The following table gives examples of the kinds of pairs of variables which could be of interest from a statistical point of view.
x | y |
---|---|
Predictor or independent variable | Response or dependent variable |
Temperature in degrees Celsius | Temperature in degrees Fahrenheit |
Area of a house (sq.ft.) | Value of the house |
Age of a particular make and model car | Resale value of the car |
Amount spent by a business on advertising in a year | Revenue received that year |
Height of a 25-year-old man | Weight of the man |
The first line in the table is different from all the rest because in that case and no other the relationship between the variables is deterministic: once the value of x is known the value of y is completely determined. In fact there is a formula for y in terms of x: $y=\frac{9}{5}x+32.$ Choosing several values for x and computing the corresponding value for y for each one using the formula gives the table
$$\begin{array}{rrrrrr}x& \hfill \text{\u2212}40& \hfill \text{\u2212}15& \hfill 0& \hfill 20& \hfill 50\\ y& \hfill \text{\u2212}40& \hfill 5& \hfill 32& \hfill 68& \hfill 122\end{array}$$We can plot these data by choosing a pair of perpendicular lines in the plane, called the coordinate axes, as shown in Figure 10.1 "Plot of Celsius and Fahrenheit Temperature Pairs". Then to each pair of numbers in the table we associate a unique point in the plane, the point that lies x units to the right of the vertical axis (to the left if $x<0$) and y units above the horizontal axis (below if $y<0$). The relationship between x and y is called a linear relationship because the points so plotted all lie on a single straight line.
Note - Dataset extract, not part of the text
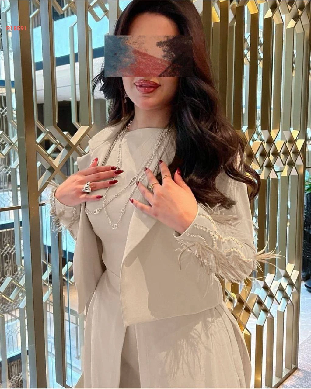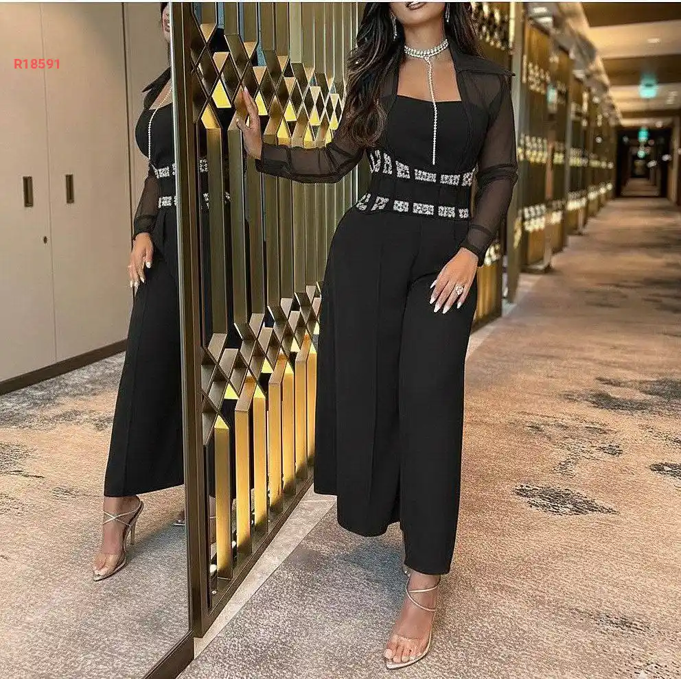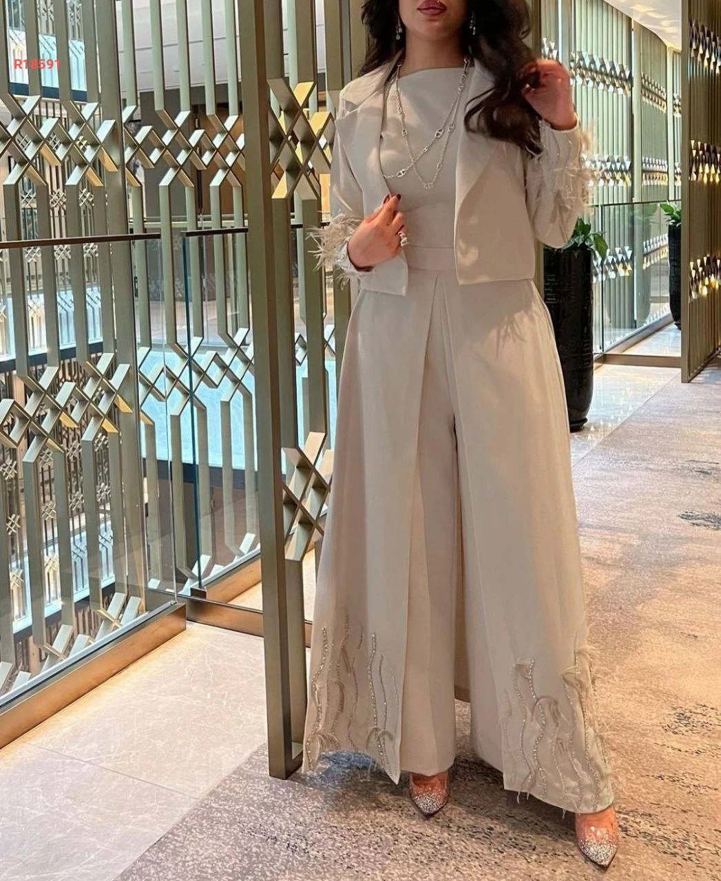 طقم أفرول طبقات مفتوحة من الامام والجانب مع جاكيت مزين بالالماس

The number $\frac{9}{5}$ in the equation $y=\frac{9}{5}x+32$ is the slope of the line, and measures its steepness. It describes how y changes in response to a change in x: if x increases by 1 unit then y increases (since $\frac{9}{5}$ is positive) by $\frac{9}{5}$ unit. If the slope had been negative then y would have decreased in response to an increase in x. The number 32 in the formula $y=\frac{9}{5}x+32$ is the y-intercept of the line; it identifies where the line crosses the y-axis. You may recall from an earlier course that every non-vertical line in the plane is described by an equation of the form $y=mx+b$, where m is the slope of the line and b is its y-intercept.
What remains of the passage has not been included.